The third phase can be known as the PG Optimization phase (see Figure 3). With this phase the .pgc files are merged to the .pgd file which will be used by the C/C++ Backend Compiler to make better optimization decisions on the code and thus make a more efficient executable.
What advantages does Pogo provide?
Pogo optimizes the most commonly touched areas in a program. The compiler has a better idea as to what are the common inputs and control flow for the application. Here is a partial list of the optimizations that PGO provides:
· Inlining – By weighing method calls with the number of calls per execution, the compiler can make better inlining decisions.
· Virtual Call Speculation – If a particular derived type is often passed into a method then its override method can be inlined.
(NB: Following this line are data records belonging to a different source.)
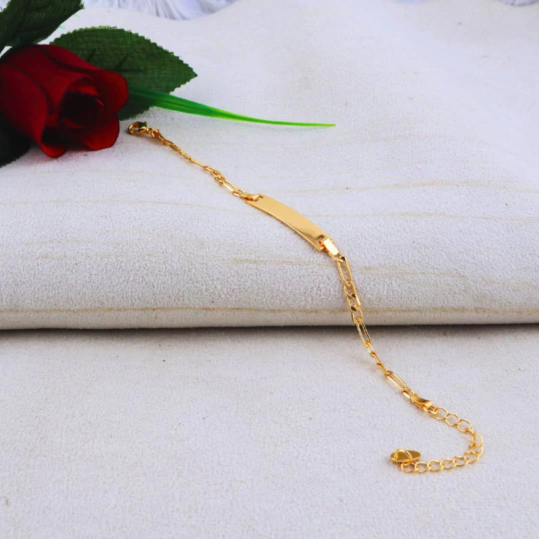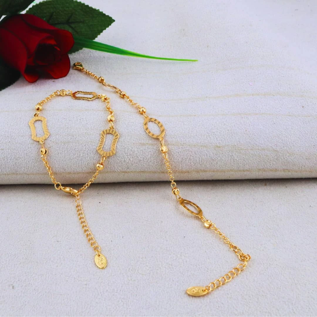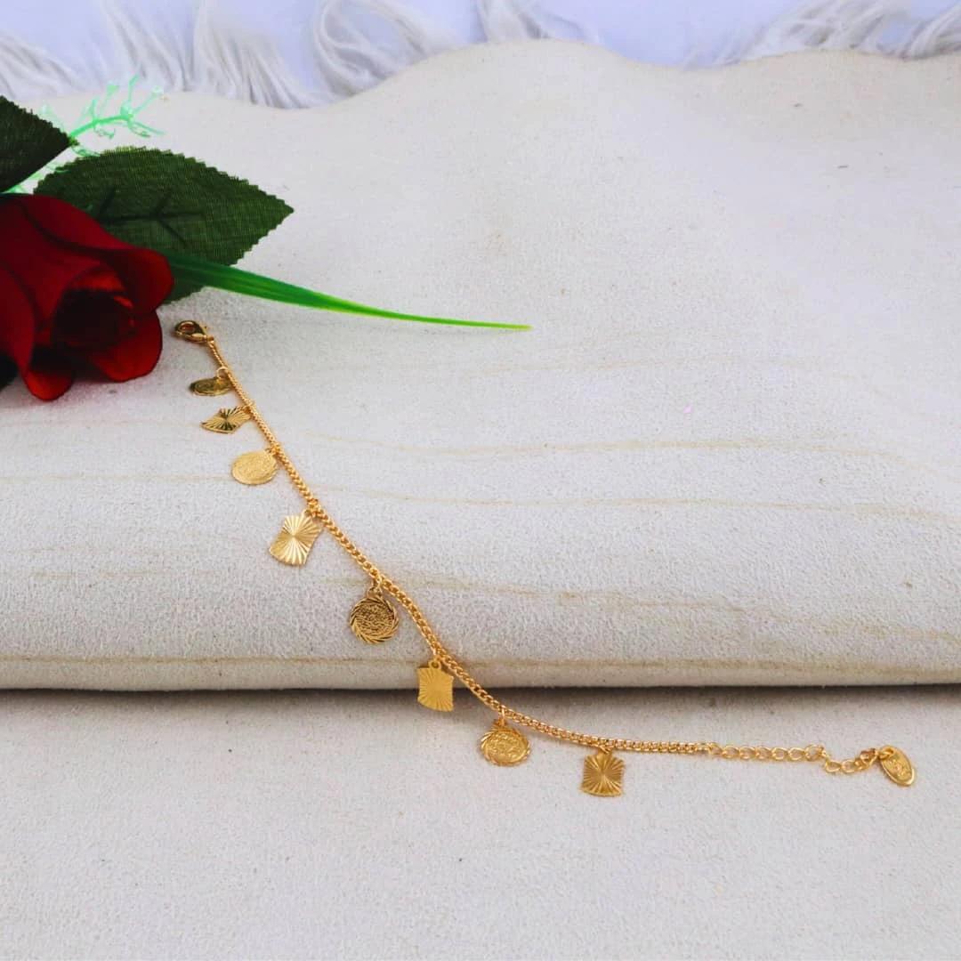 سوار يد ذهبي بتصميم محفور بسيط وتعليقات متنوعة (أوراق، مربعات، عملات صغيرة)
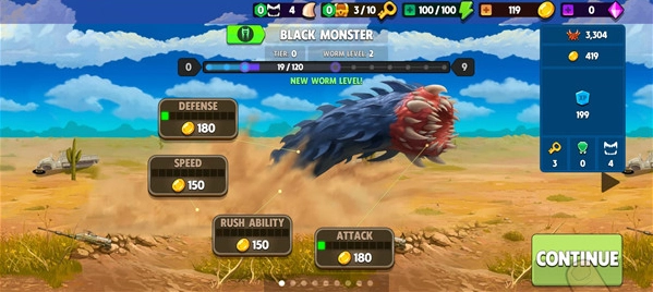 尽量收集更多金币,持续提升蠕虫的各项属性,使其能挑战更多困难关卡。
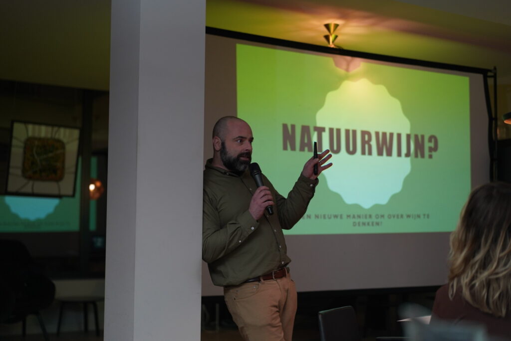 Maar terug naar het begin. Op het scherm verscheen: “Natuurwijn – Wat is het? Waarom is het er?” Vooral die ‘waarom’ heeft Lander uitgebreid toegelicht.
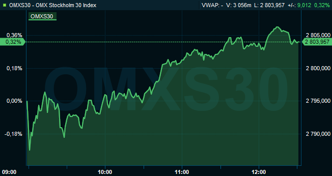 Vid 12.30-tiden hade storbolagsindexet OMXS30 stigit 0,3 procent till nivån 2.804. Aktier för drygt 5 miljarder kronor hade då omsatts på Stockholmsbörsen i sin helhet.
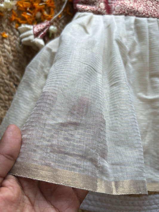 Kerala Special - red with milk white frock for festivals with head bow, shoes and undie
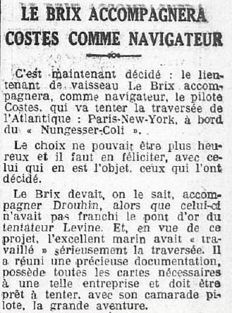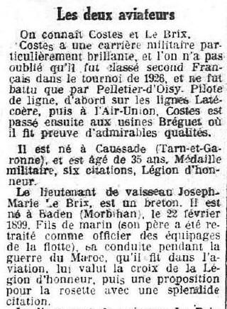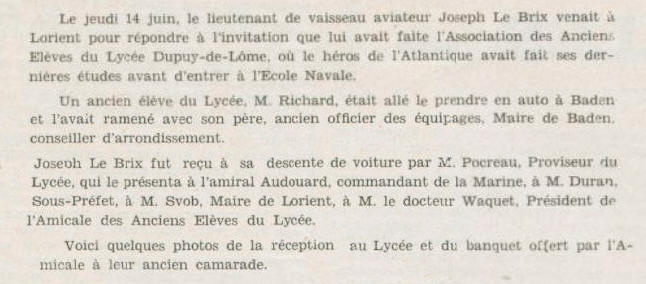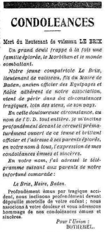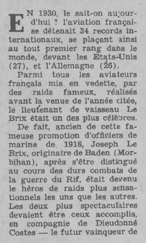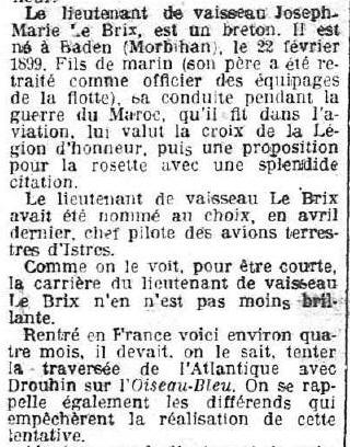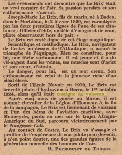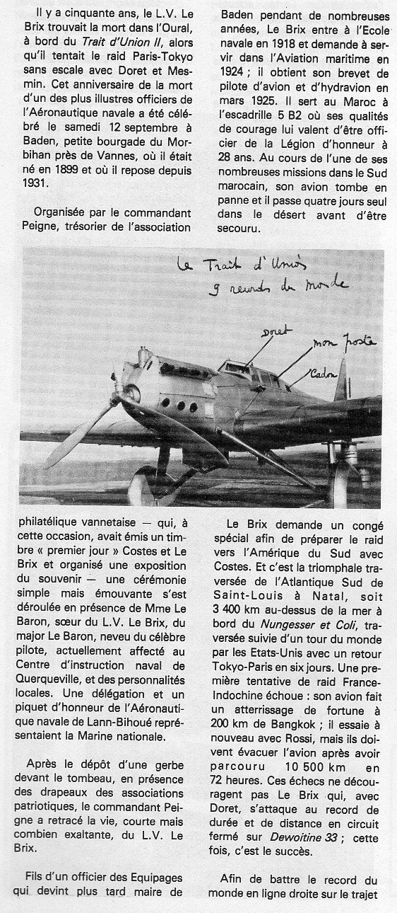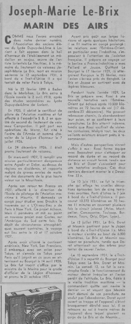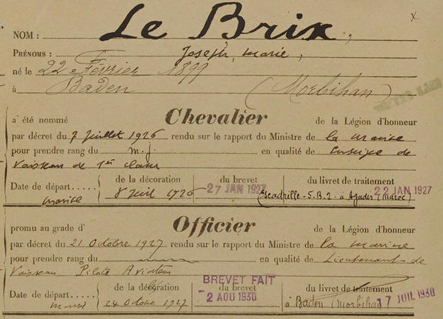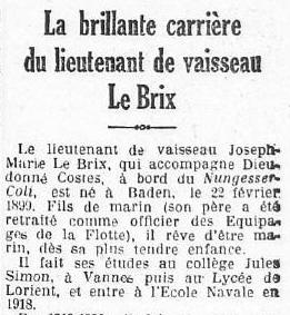 Le lieutenant de vaisseau joseph-marie Le Brix et le mécanicien René
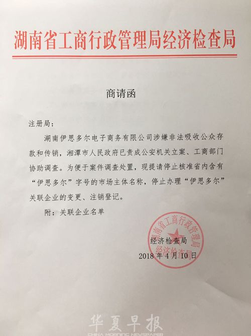 华夏早报湖南长沙讯(灯塔新闻记者 曾煜)湖南省工商行政管理局4月10日发出的一份商请函显示,湖南伊思多尔电子商务有限公司(以下简称伊思多尔)被认定涉嫌非法吸收公众存款和传销。
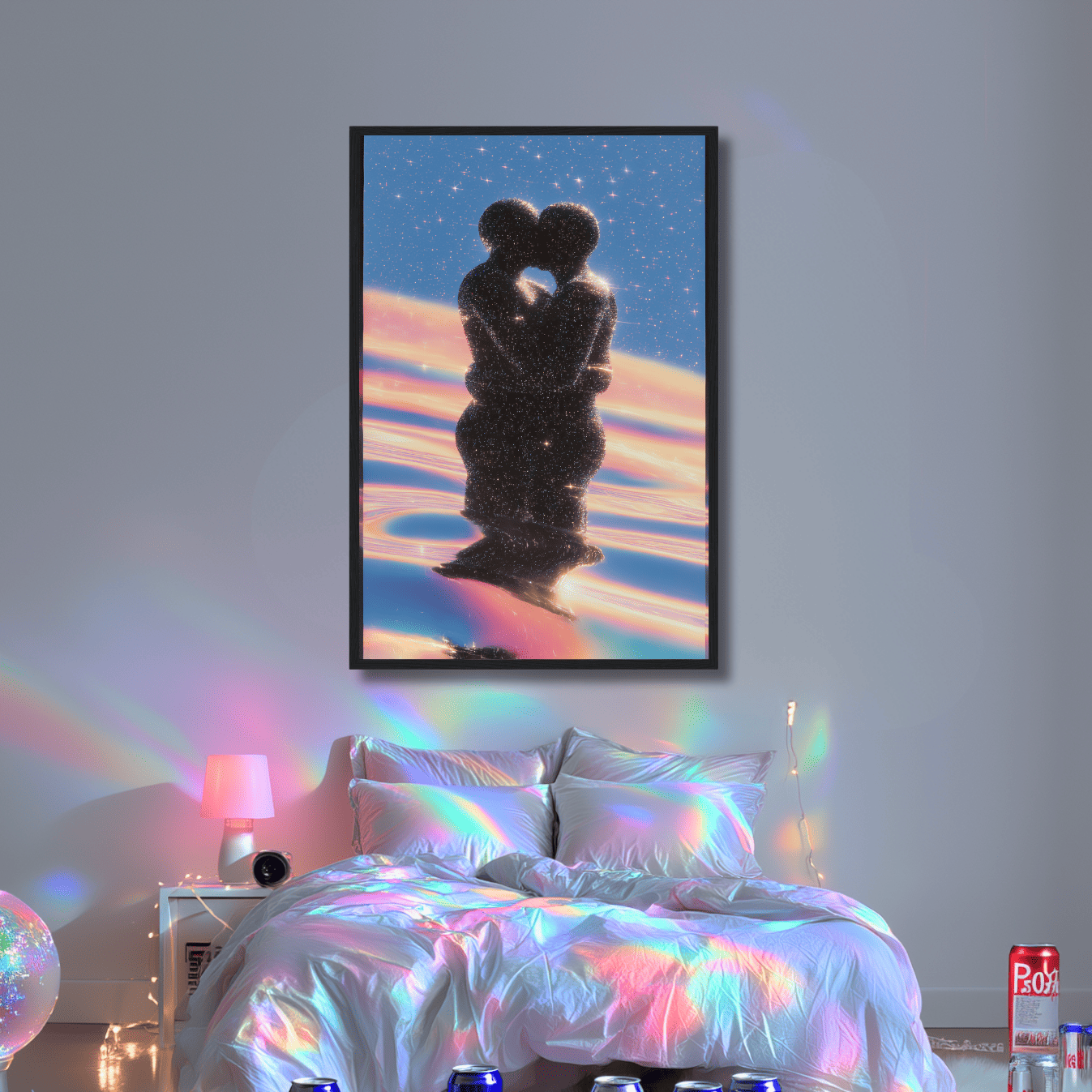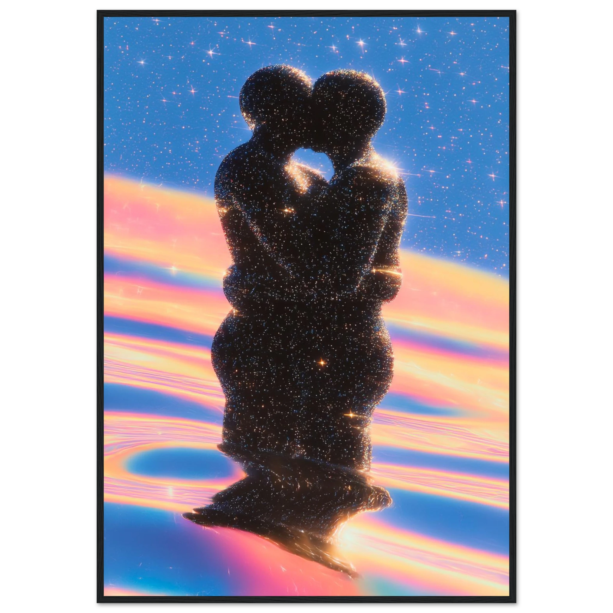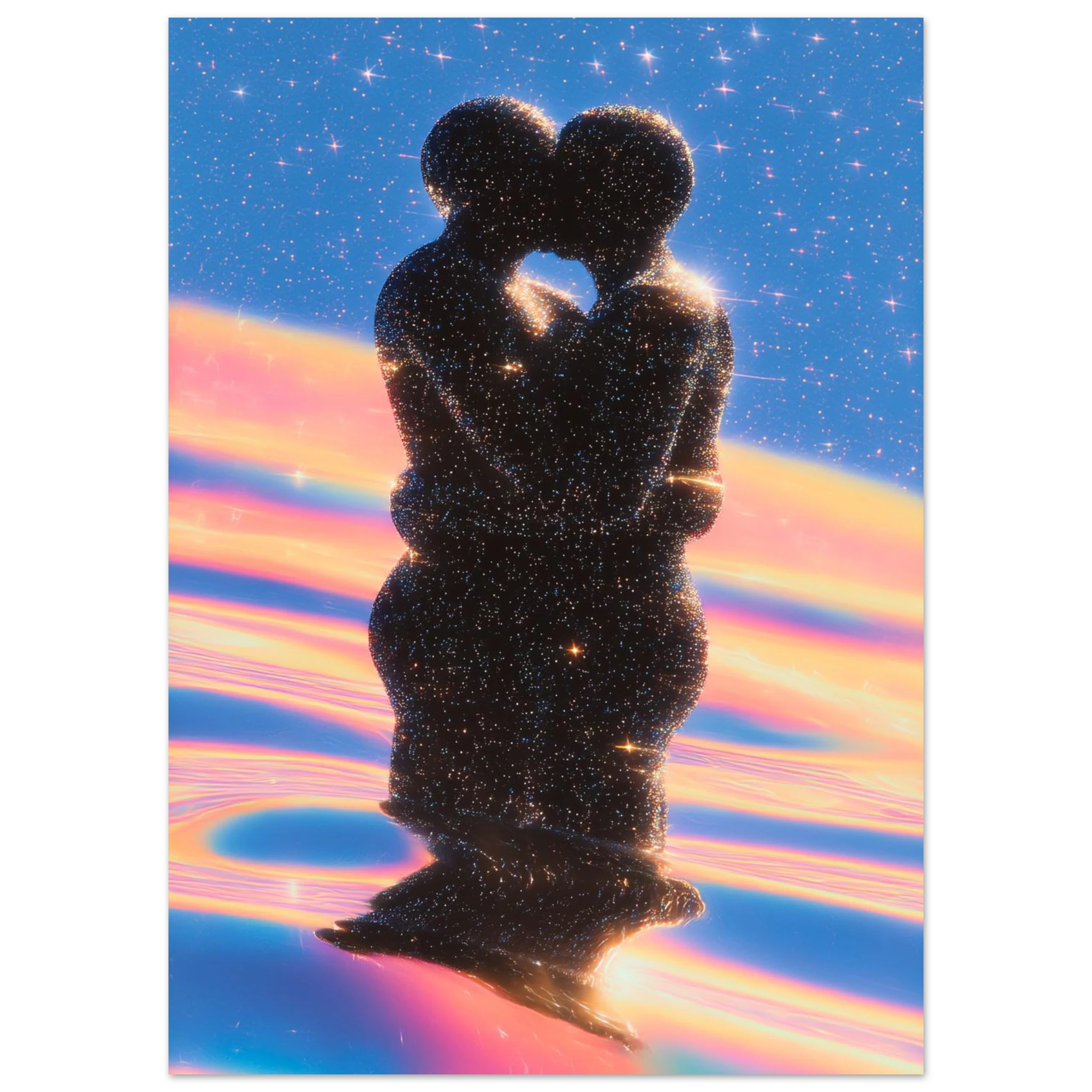 Their bodies shimmer with constellations, their kiss a fusion of galaxies.

This helps by limiting the number of calls to the vtable.
· Basic Block Reordering – This optimization finds the most executed paths and places the basic blocks of those paths spatially closer together. This helps in locality by optimizing instruction cache usage and branch prediction. Also, code that is not used during the training phases are moved to the bottom most section. Doing this together with “function layout” described below can significantly reduced the working set (number of pages used in one time interval) of sizeable applications.
· Size/Speed Optimization – With profile information, the compiler can find out the frequency of function usage. With this information the compiler can optimize for speed on the functions that are more frequently used and optimize for size on the functions that are less frequently used.
· Function Layout – Place functions in the same sections if they mainly used together based on the profile scenario.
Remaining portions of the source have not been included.